In order to stream your records from the main Kinesis Stream to the other two, we will need a SQL query that runs on real-time data and filters/groups it based on the transaction amount.

Also, Kinesis Analytics will need to know the exact data model of the input stream. I have defined it in [this file](./kinesis-analytics/input-schema.json), but you can easily change the records schema and then invoke the **DiscoverInputSchema API** to generate the exact mapping required by Kinesis Analytics.

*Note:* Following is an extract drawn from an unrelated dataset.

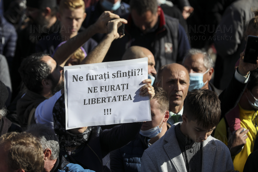 Fotografia serii vine de la protestul organizat de cei care doreau să ajungă să se închine la racla unde sunt depuse moaștele Sf Parascheva, în Iași. Inquam Photos / Liviu Chirică:

In case you decide to change the records structure, here are the two commands you'll need to run:

```bas
$ npm run putrecords -- -I Transactions -N 100
$ npm run discover -- -I {TransactionsStreamARN} -P {KinesisAnalyticsIAMRoleARN}

```

Here is the SQL query, adapted to the data model of this scenario (source file [here](./kinesis-analytics/query.sql)):

```SQL
CREATE OR REPLACE STREAM "POSITIVE_TRANSACTIONS" (
ID INTEGER,
USERNAME VARCHAR(200),
AMOUNT DECIMAL(5,2)
);
CREATE OR REPLACE STREAM "NEGATIVE_TRANSACTIONS" (
ID INTEGER,
USERNAME VARCHAR(200),
AMOUNT DECIMAL(5,2)
);

CREATE OR REPLACE PUMP "STREAM_PUMP1"
AS INSERT INTO "POSITIVE_TRANSACTIONS"
SELECT STREAM ID, USERNAME, AMOUNT
FROM "SOURCE_SQL_STREAM_001"
WHERE AMOUNT >= 0;

CREATE OR REPLACE PUMP "STREAM_PUMP2"
AS INSERT INTO "NEGATIVE_TRANSACTIONS"
SELECT STREAM ID, USERNAME, AMOUNT
FROM "SOURCE_SQL_STREAM_001"
WHERE AMOUNT < 0;
```

### Ok, but what's going on?

* We define **two output destinations** with the very same structure, named *POSITIVE_TRANSACTIONS* and *NEGATIVE_TRANSACTIONS*, and we connect them to the corresponding Kinesis Streams (see source code [here](./kinesis-analytics/create.js#L88)).
* We also define **two "pumps"** (with arbitrary names) that will buffer our data before writing into the output stream
* For each pump, we define the **filtering query** that will write positive transactions to the first stream, and negative transactions to the second one

**Note**: this SQL query will be executed in real-time on the incoming data, without any windowing or buffering. Well, in my tests it took a bit less than 2 seconds for a batch of 500 records to go through the secondary streams and reach my Lambda Functions.

## Contributing
Contributors and PRs are always welcome!

### Tests and coverage

Install dev dependencies with `npm install --dev`.